Iterate over rows and expand pandas dataframe
Not as much interesting/fancy pandas usage, but this works:
import numpy as np
dfIn.loc[:, 'location'] = dfIn.location.apply(np.atleast_1d)
all_locations = np.hstack(dfIn.location)
all_names = np.hstack([[n]*len(l) for n, l in dfIn[['name', 'location']].values])
dfOut = pd.DataFrame({'location':all_locations, 'name':all_names})
It's about 40x faster than the apply/stack/reindex approach. As far as I can tell, that ratio holds at pretty much all dataframe sizes (didn't test how it scales with the size of the lists in each row). If you can guarantee that all location
entries are already iterables, you can remove the atleast_1d
call, which gives about another 20% speedup.

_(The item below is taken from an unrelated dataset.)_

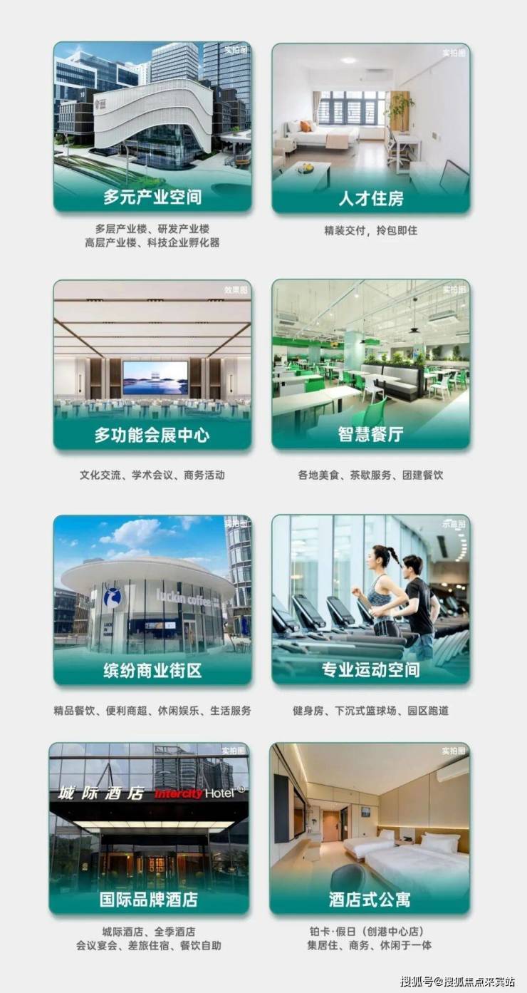 园区配备多功能会展中心、国际品牌酒店、商业、人才公寓、智慧餐厅、运动休闲空间等,满足24小时产城人生活圈全系需求,为企业和员工打造商务休闲一体的园区美好生活。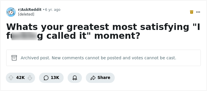 Load More Replies...My worst "I knew it" moment was when I predicted the s*****e of my mother's colleague. I was driving home with my father and we saw a train stopped on the bridge overhead. I said "the train's stopped because Ms G jumped in front of it." Dad told me not to be morbid. Got home and the phone rang. "That's Mr. S, calling to tell Mom that Ms. G's killed herself." I hope I never have another "called it" moment like that one.

If you return a series whose index
is a list of locations, then dfIn.apply
will collate those series into a table:
import pandas as pd
dfIn = pd.DataFrame({u'name': ['Tom', 'Jim', 'Claus'],
u'location': ['Amsterdam', ['Berlin','Paris'],
['Antwerp','Barcelona','Pisa'] ]})
def expand(row):
locations = row['location'] if isinstance(row['location'], list) else [row['location']]
s = pd.Series(row['name'], index=list(set(locations)))
return s
In [156]: dfIn.apply(expand, axis=1)
Out[156]:
Amsterdam Antwerp Barcelona Berlin Paris Pisa
0 Tom NaN NaN NaN NaN NaN
1 NaN NaN NaN Jim Jim NaN
2 NaN Claus Claus NaN NaN Claus
You can then stack this DataFrame to obtain:
In [157]: dfIn.apply(expand, axis=1).stack()
Out[157]:
0 Amsterdam Tom
1 Berlin Jim
Paris Jim
2 Antwerp Claus
Barcelona Claus
Pisa Claus
dtype: object
This is a Series, while you want a DataFrame. A little massaging with reset_index
gives you the desired result:
dfOut = dfIn.apply(expand, axis=1).stack()
dfOut = dfOut.to_frame().reset_index(level=1, drop=False)
dfOut.columns = ['location', 'name']
dfOut.reset_index(drop=True, inplace=True)
print(dfOut)
yields
location name
0 Amsterdam Tom
1 Berlin Jim
2 Paris Jim
3 Amsterdam Claus
4 Antwerp Claus
5 Barcelona Claus